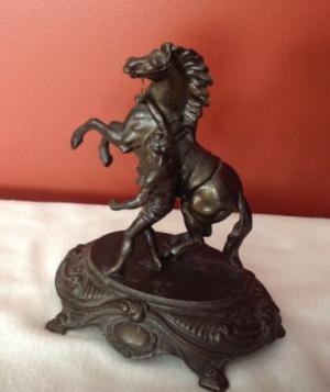 Antique 19thc Bronze Statue Marley Horse and Trainer 9" Tall
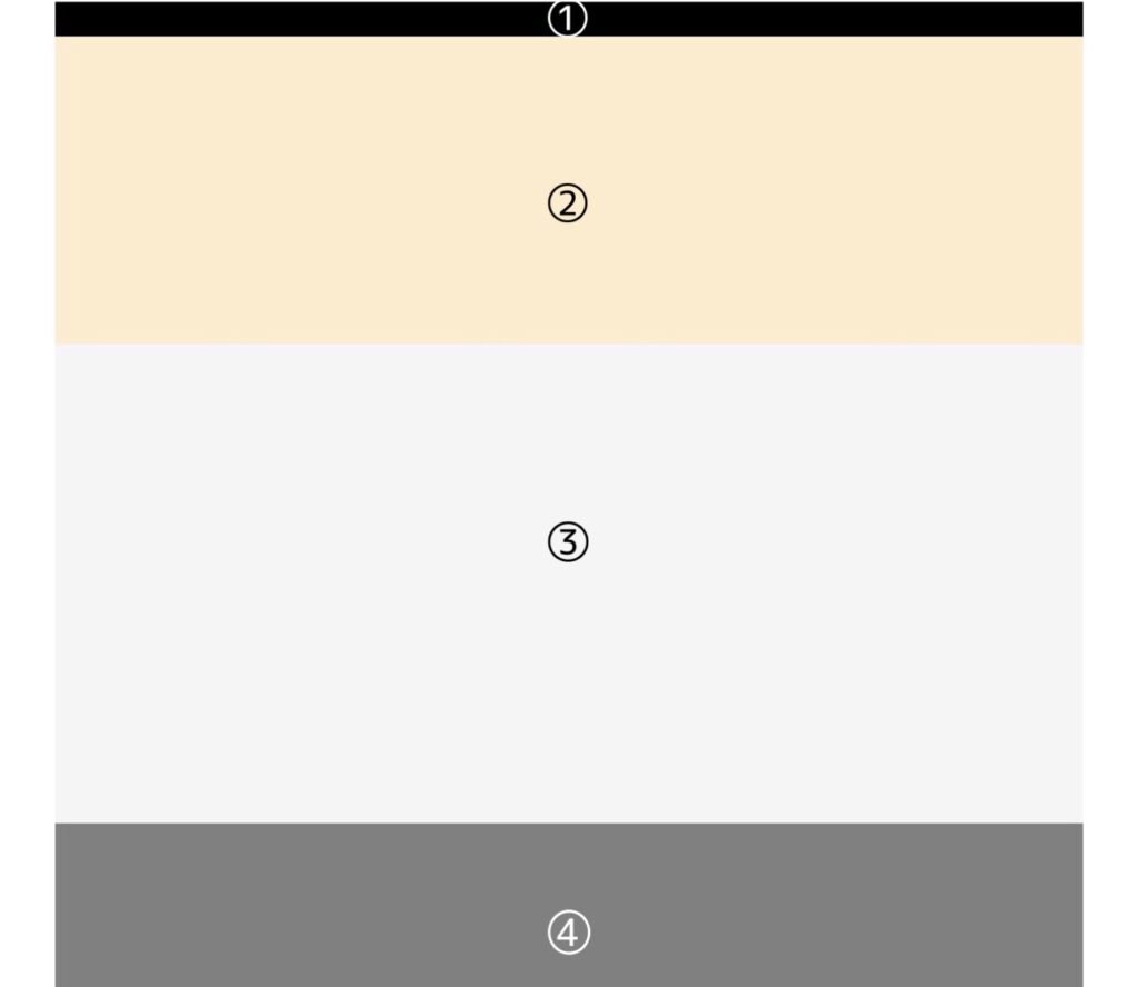 上から、①ナビゲーションバー②ヘッダー③本文を書くスペース④フッターとなります。
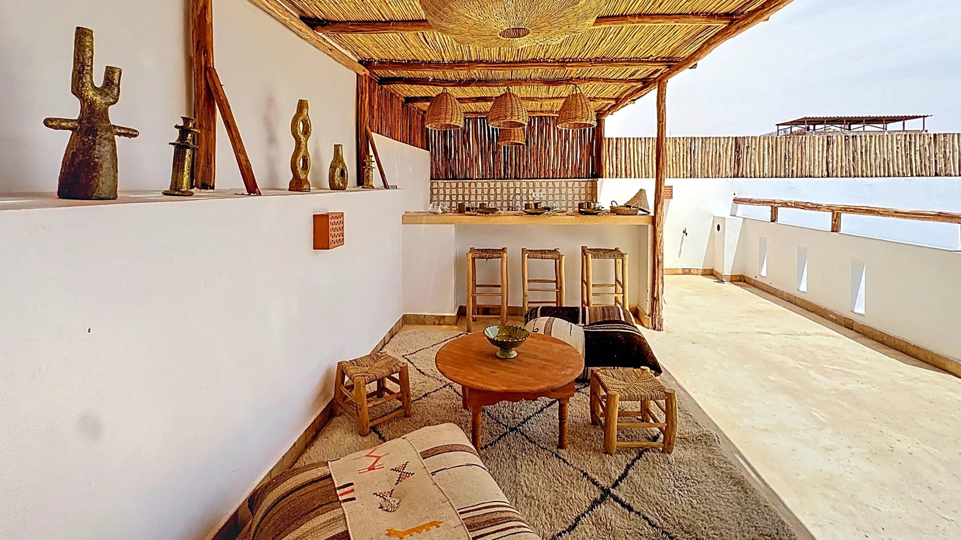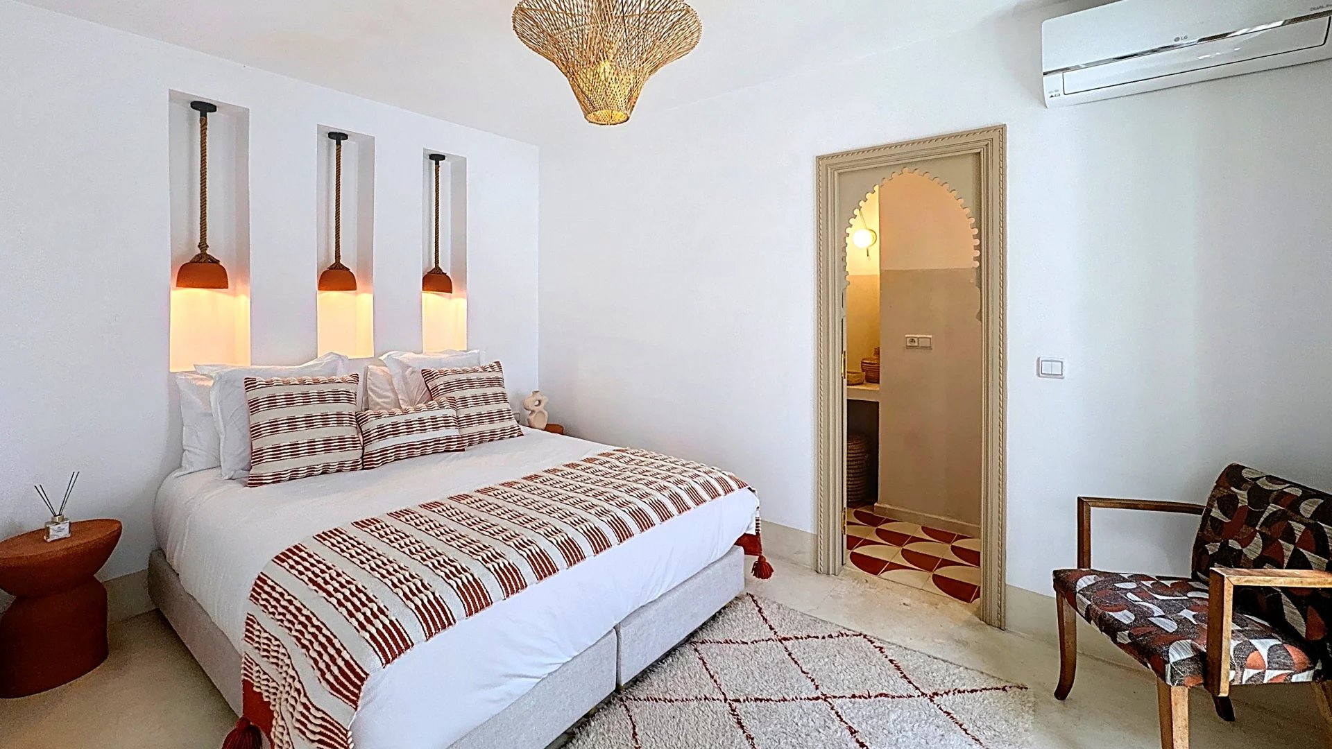 Nestled in the heart of the Kasbah, one of the most sought-after areas of the Marrakech Medina, this charming “Beldi Chic” riad embodies natural Moroccan elegance, subtly reinterpreted with a contemporary flair.

#####

WORK REQUIRED: What you return should be the whole listing, word for word, without its pictures.

RESULT:
 Antique 19thc Bronze Statue Marley Horse and Trainer 9" Tall
 上から、①ナビゲーションバー②ヘッダー③本文を書くスペース④フッターとなります。
 Nestled in the heart of the Kasbah, one of the most sought-after areas of the Marrakech Medina, this charming “Beldi Chic” riad embodies natural Moroccan elegance, subtly reinterpreted with a contemporary flair.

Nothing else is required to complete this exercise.